If an entry holds a picture, leave the picture out and output everything else exactly.
=======
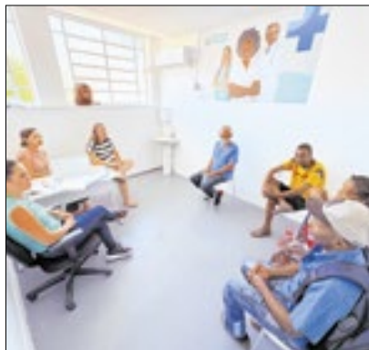
Secretaria Municipal de Saúde

Abandonar o consumo de cigarro é um grande desafio, mas com o apoio certo, essa jornada pode se tornar mais leve. Pensando nisso, a Prefeitura Municipal de Paraíba do Sul, através da Secretaria Municipal de Saúde, juntamente com a equipe Saúde Bucal, oferece um Grupo de Tabagismo, um serviço gratuito que auxilia fumantes que desejam largar o vício.
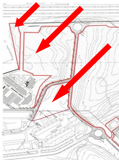
Area da ripristinare Punto 4
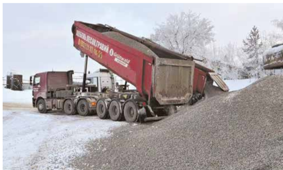
Завоз строительных материалов для обновления автотрасс уже начался.
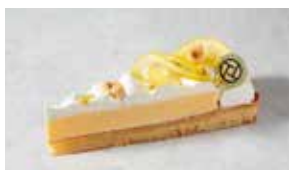
Tarte au Citron タルトシトロン

クリームチーズのアパレイユといちごを ブリゼ生地で焼き上げた 定番のバイクドチーズケーキ
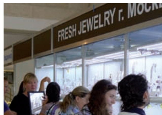
Благодаря прекрасному выбору украшений стенд Fresh Jewellery пользовался особой популярностью.

Август – пик туристического сезона в самом посещаемом городе Золотого кольца, и с будущего года ювелирная выставка включена в схему туристических маршрутов. С другой стороны, первый опыт показал, что следует более внимательно отнестись к выбору более «проходной» площадки и, возможно, более удобных сроков. ■
=======
Exercise response.
Secretaria Municipal de Saúde

Abandonar o consumo de cigarro é um grande desafio, mas com o apoio certo, essa jornada pode se tornar mais leve. Pensando nisso, a Prefeitura Municipal de Paraíba do Sul, através da Secretaria Municipal de Saúde, juntamente com a equipe Saúde Bucal, oferece um Grupo de Tabagismo, um serviço gratuito que auxilia fumantes que desejam largar o vício.
Area da ripristinare Punto 4
Завоз строительных материалов для обновления автотрасс уже начался.
Tarte au Citron タルトシトロン

クリームチーズのアパレイユといちごを ブリゼ生地で焼き上げた 定番のバイクドチーズケーキ
Благодаря прекрасному выбору украшений стенд Fresh Jewellery пользовался особой популярностью.

Август – пик туристического сезона в самом посещаемом городе Золотого кольца, и с будущего года ювелирная выставка включена в схему туристических маршрутов. С другой стороны, первый опыт показал, что следует более внимательно отнестись к выбору более «проходной» площадки и, возможно, более удобных сроков. ■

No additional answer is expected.